There are many fine and capable vice presidential possibilities for Mitt Romney, from Marco Rubio to Bobby Jindal to Condoleezza Rice. But at our time of fiscal crisis, Paul Ryan and Chris Christie are his best options.
The polls don’t reflect it yet, but count me among those few who think the presidential election is Mitt Romney’s to lose.
With the economy in shambles and little prospect that things will improve significantly before Election Day, President Barack Obama is in trouble. His gigantic fiscal stimulus failed to stimulate the way his administration had projected. His signature domestic achievement, Obamacare, remains unpopular. And his base no longer projects upon him messianic qualities.
This is a recipe for electoral disaster.
Some conservative political pundits are criticizing Romney for seemingly trying to run out the clock. That is, playing it safe and allowing the economy to defeat Obama for him. Romney needs to be bold, this school of thought goes, in order to beat Obama.
I don’t think that’s true. I think it is quite possible that Romney could win the presidency by playing it safe and taking very few risks.
But merely winning isn’t sufficient. America’s fiscal trajectory is unsustainable. Our entitlement programs contain tens of trillions of dollars of unfunded liabilities that make our $15 trillion debt look manageable by comparison. Major entitlement reform will have to be the central domestic focus of our next president.
This isn’t a popular position. Conventional political wisdom dictates that it is political suicide to campaign on a platform to seriously reform — and scale back — Medicare and Social Security. (RELATED: Full coverage of the Romney campaign)
But it must be done or we’re finished as a great power, which is why Mitt Romney needs to make this a choice election. Winning isn’t good enough — he must win on a platform that makes clear, specifically, how his presidency will reform entitlements and get America back on path to lead the 21st century.
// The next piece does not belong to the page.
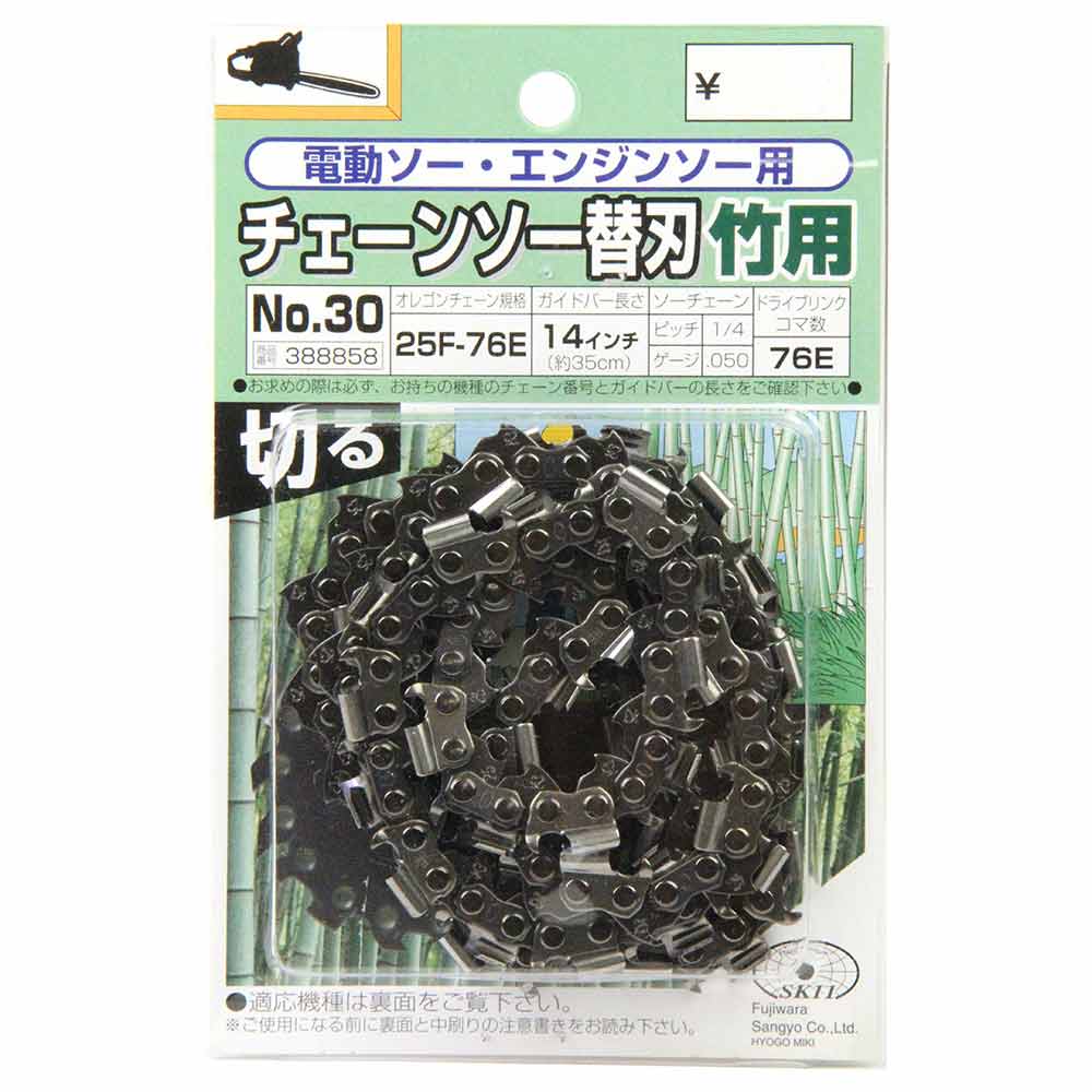 竹などの密集した繊維の切断が容易になったフルカッターチェーンです。 チェーンソー用の交換用替刃。 竹などの密集した繊維や硬木の切断に最適です。 25APをベースにしたフルカッターチェーンです。 25APのカッター数を2倍にすることで、密集した繊維の切断が容易になりました、竹切り用としても広く利用されています。 チェーンソーアートのカービング作業にも適したフルカッターチェーンです。 現在25APを使用している場合、ガードバーやスプロケットを交換せず使用できます。 ●オレゴンチェーン規格:25F-76E。 ●ガイドバーの長さ:14インチ(約35cm)。 ●ソーチェーン:ピッチ1/4・ゲージ.050。 ●ドライブリンクコマ数:76E。 ●丸ヤスリサイズ:4.0mm(5/32)・3.9mm。 ●スカルプター。

This is why of all the choices he has for his vice presidential pick, House Budget Chairman Paul Ryan and New Jersey Gov. Chris Christie are far and away his best to signal the type of choice election we need to have.
Other candidates may be more exciting (Marco Rubio) or potentially politically advantageous (Marco Rubio). But Ryan and Christie epitomize, in slightly different ways, one side of the choice America should be given.
Ryan, of course, is the author of the House budget plan that seeks to reform Medicare and get our fiscal house in order. It is a deadly serious plan, even if I think it could go further. But no politician knows the facts of our looming fiscal disaster better than Ryan. He is able to articulate what needs to be done and why.
Perhaps most crucially, his inclusion on the ticket will make clear what a Romney-Ryan administration will be all about. A win will be far more than just a win — it will be a mandate for fundamental structural change to our entitlement programs and our fiscal situation.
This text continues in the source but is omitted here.